### Activity:
A verbatim reproduction of the following listing is required; omit the pictures.

### Recorded information:
----
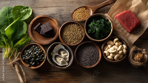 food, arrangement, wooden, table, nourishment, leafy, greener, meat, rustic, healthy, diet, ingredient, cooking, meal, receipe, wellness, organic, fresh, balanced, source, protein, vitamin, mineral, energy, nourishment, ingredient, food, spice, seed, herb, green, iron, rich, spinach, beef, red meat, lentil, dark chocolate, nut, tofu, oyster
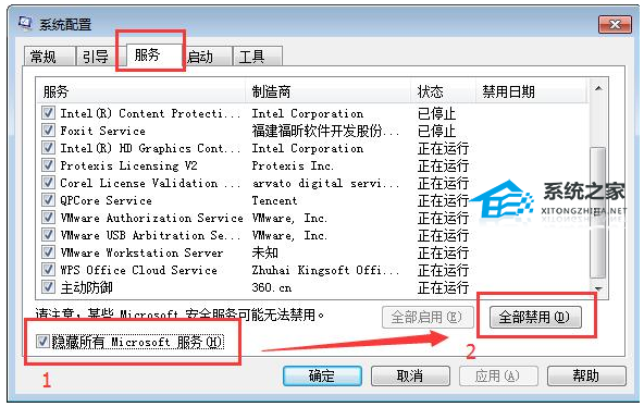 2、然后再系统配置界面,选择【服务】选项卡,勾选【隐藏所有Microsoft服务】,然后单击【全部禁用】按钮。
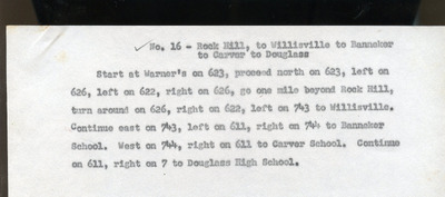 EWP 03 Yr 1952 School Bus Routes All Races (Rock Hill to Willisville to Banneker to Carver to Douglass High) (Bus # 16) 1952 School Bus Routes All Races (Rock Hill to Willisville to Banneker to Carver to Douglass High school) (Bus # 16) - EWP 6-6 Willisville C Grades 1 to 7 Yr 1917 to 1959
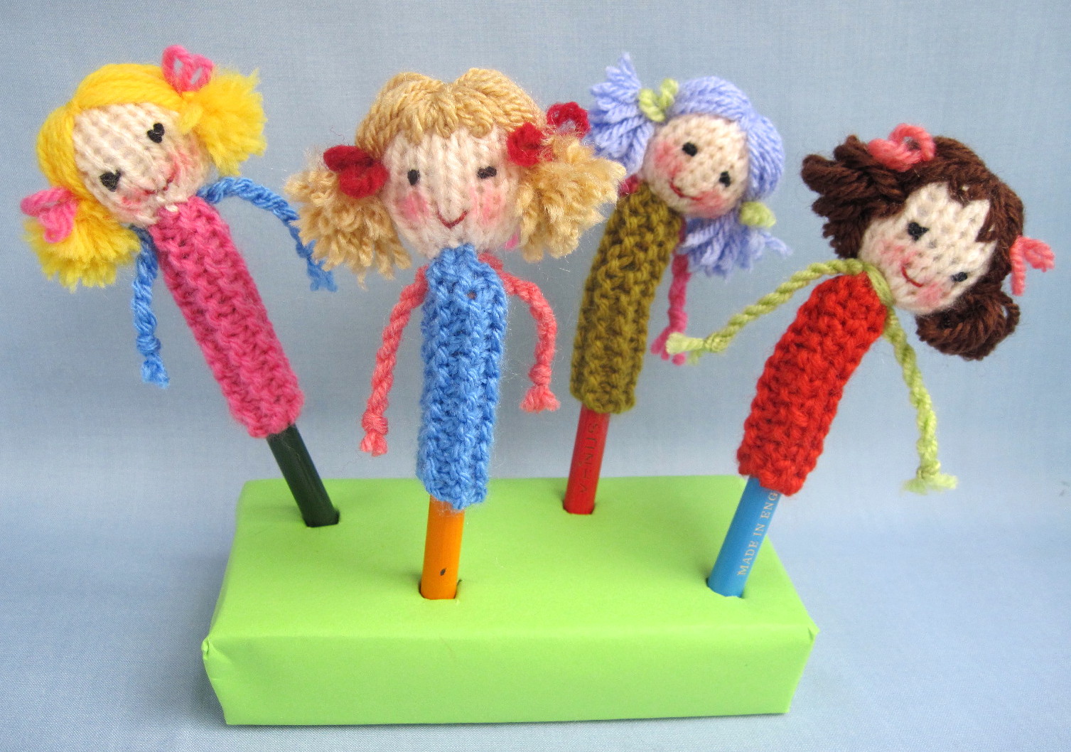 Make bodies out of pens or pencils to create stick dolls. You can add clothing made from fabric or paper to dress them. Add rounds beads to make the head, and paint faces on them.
----
### Exercise result:
 food, arrangement, wooden, table, nourishment, leafy, greener, meat, rustic, healthy, diet, ingredient, cooking, meal, receipe, wellness, organic, fresh, balanced, source, protein, vitamin, mineral, energy, nourishment, ingredient, food, spice, seed, herb, green, iron, rich, spinach, beef, red meat, lentil, dark chocolate, nut, tofu, oyster
 2、然后再系统配置界面,选择【服务】选项卡,勾选【隐藏所有Microsoft服务】,然后单击【全部禁用】按钮。
 EWP 03 Yr 1952 School Bus Routes All Races (Rock Hill to Willisville to Banneker to Carver to Douglass High) (Bus # 16) 1952 School Bus Routes All Races (Rock Hill to Willisville to Banneker to Carver to Douglass High school) (Bus # 16) - EWP 6-6 Willisville C Grades 1 to 7 Yr 1917 to 1959
 Make bodies out of pens or pencils to create stick dolls. You can add clothing made from fabric or paper to dress them. Add rounds beads to make the head, and paint faces on them.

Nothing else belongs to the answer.